Alex and I met the old-fashioned way in 2013, through a mutual friend in a bar in Auckland. We were both 21. We weren’t looking for anything serious but when I went overseas in 2014, being apart made us realise that we were meant to be together.
Alex popped the question on our five-year anniversary. We were on a swing bridge overlooking Hokitika Gorge. It rained on the day, so he was down on one knee wearing a poncho! We were engaged for two and a half years. During that time, we started to build a beautiful life together, moving into our first home and having our first child. We chose an autumn wedding as we didn’t want to be too hot. We had 60 guests.
Originally, we planned our wedding in Fiji, but this wasn’t possible due to Covid, and we still wanted a destination wedding, away from Auckland. We chose Opoutere Farmhouse as we could have the whole day at one location, and customize the area, as well as bring in our own food and drink. We loved that we could combine the beach and forest areas. We had shade from the trees for our ceremony, but our toes were in the sand, and we could hear the waves. We set up an outdoor lounging area with bean bags, rugs and umbrellas where our guests could relax while they played lawn games. There was accommodation on site for us and our close family, plus a campsite next door.
Our theme was whimsical bohemian. It was relaxed and natural. We added some sustainable themes like foraging for wildflowers. Our friends and family transformed the barn into a beautiful reception space. My bridesmaid made the stationery and signage, and my parents made the salads, canapes and dessert, including our wedding cake! All these individual touches made the day feel uniquely ours.
We only chose the traditional aspects that suited us and ignored others. We didn’t have a maid of honour or a best man, and we didn’t have a sit-down dinner, seating plans or a head table. Our bridesmaids’ bouquets and arch were made from artificial flowers, and we went with a mix of artificial and fresh hydrangeas, roses, eucalyptus and gypsophila.

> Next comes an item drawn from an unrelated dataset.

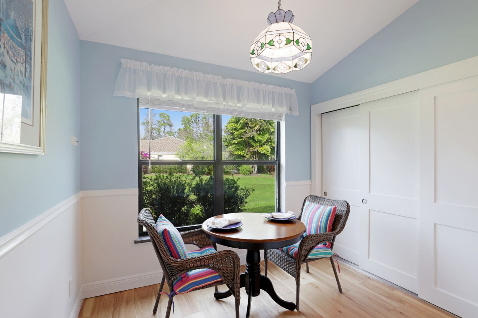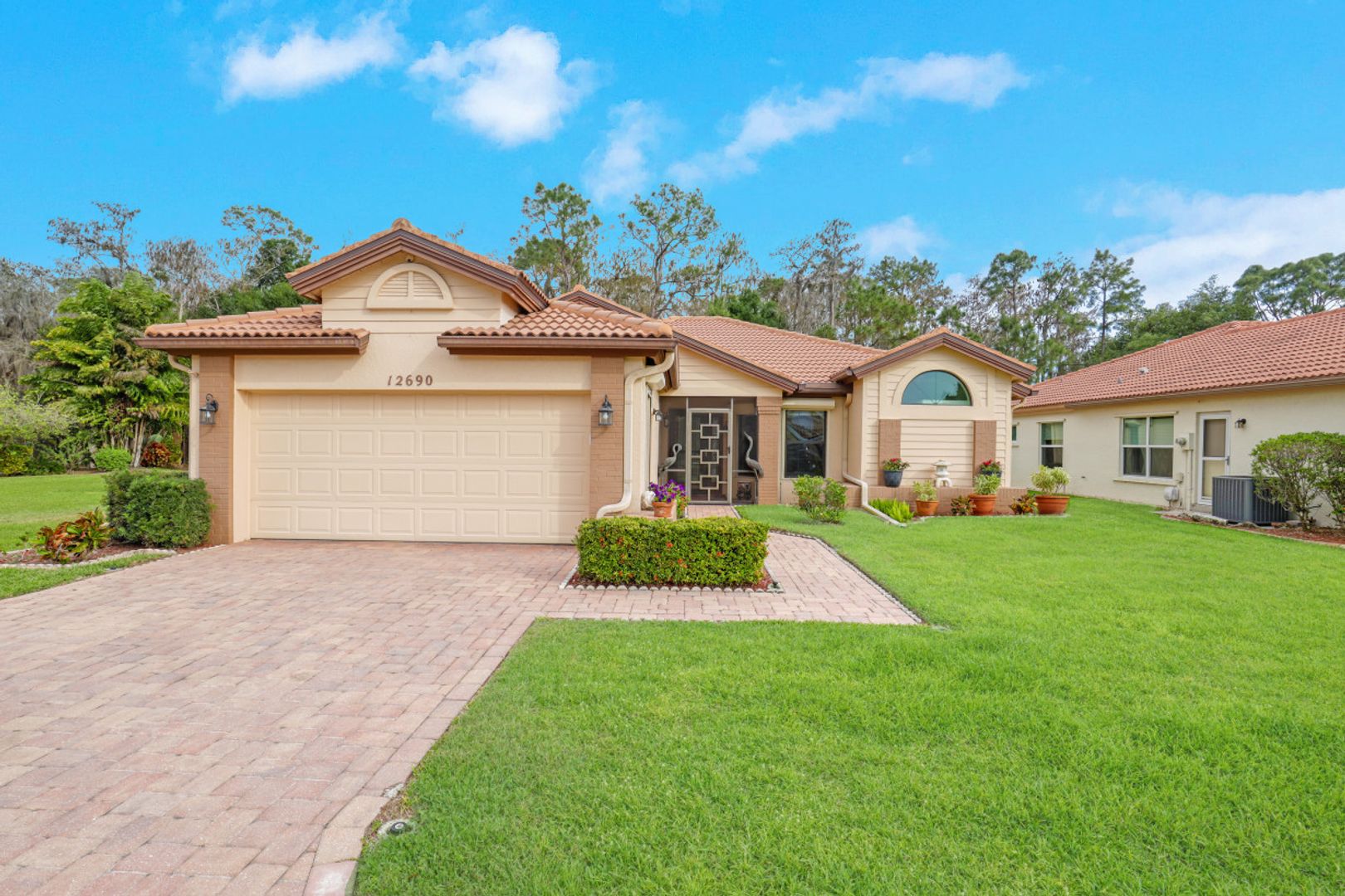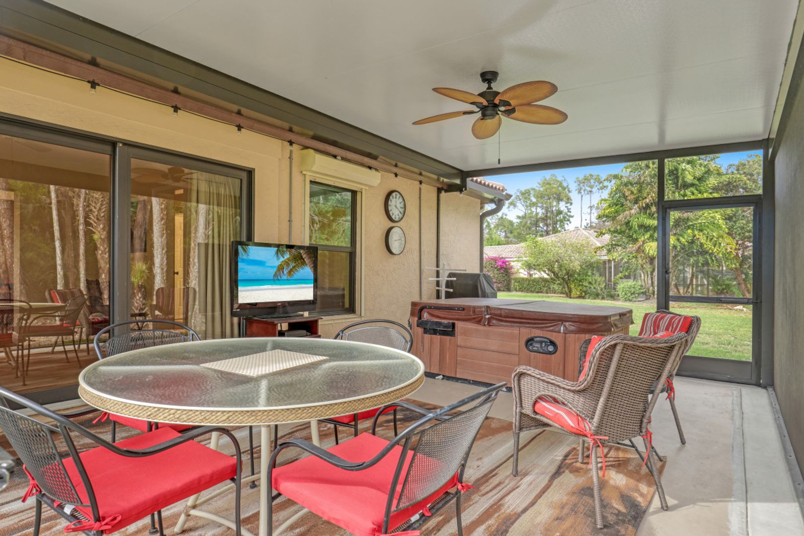 The traditional floor plan includes 3 bedrooms, 2 baths, formal living room and dining room, separate eat-in updated kitchen, family room, screened roofed lanai with hot tub overlooking preserve, in-house laundry, 2 car garage. Move in ready. High quality finishes. Hurricane rated doors, garage door, windows, also covered by hurricane shutters; engineered hickory hardwood and 24 inch porcelain tile floors; solid wood built-in bookcases, new interior paint on walls and trim. Hunters Ridge is very friendly, casual, and offers a large variety of social activities. Hunters Ridge is financially stable with low fees and no CDD's!! Enjoy all a private golf country club has to offer including large community swimming pool with poolside cafe, club patio bar, fitness center, clubhouse, dining room and grill room, tennis courts, pickleball courts, bocce ball, golf simulators and much more!

I wanted the style to be minimal, timeless and natural to reflect the beautiful landscape. Our colour palette was white and green. We arranged a buffet-style menu for a relaxed, party vibe as everyone could socialise freely.
We hired a pizza truck and had a candy buffet stocked with our favourite lollies! For dessert, my parents made brownies, lemon tart, ginger crunch and mini banoffees. Our cake was three-tiered: black forest, lemon and coconut and gluten-free baklava.
Our favourite memory of the photoshoot is just us being silly and laughing. We chose live music for the ceremony and made a playlist of classic singalongs for the reception.
We learned our first dance from YouTube! We also organized a photo booth guest book and that provided a lot of entertainment and memories.
We hired a minivan for transport so that we could all travel together.
For my dress, I chose an all-over lace gown with spaghetti straps and a low back. It was a sample dress that could be altered, which helped with the budget. I accessorized with a vine veil, and I wore a ring from each of my late grandmothers. The bridesmaids chose their own dresses in different colours.
I had four bridesmaids, one who surprised me by pretending to be a stripper at my hen party! I thought she couldn’t make it due to Covid, but she travelled from the UK, did two weeks in MIQ and managed to keep it a complete surprise. Her partner was also one of the groomsmen. We had two flower girls and our son was a pageboy.
We had a post-wedding brunch and then went on a minimoon to Pauanui when we happened to conceive our second child!
My advice is not to sweat the small stuff. Lots of things went wrong for us; our location and our date had to change due to Covid. On the day, we had a power cut: we had no music and no water for three hours! But the day was incredible and filled with love.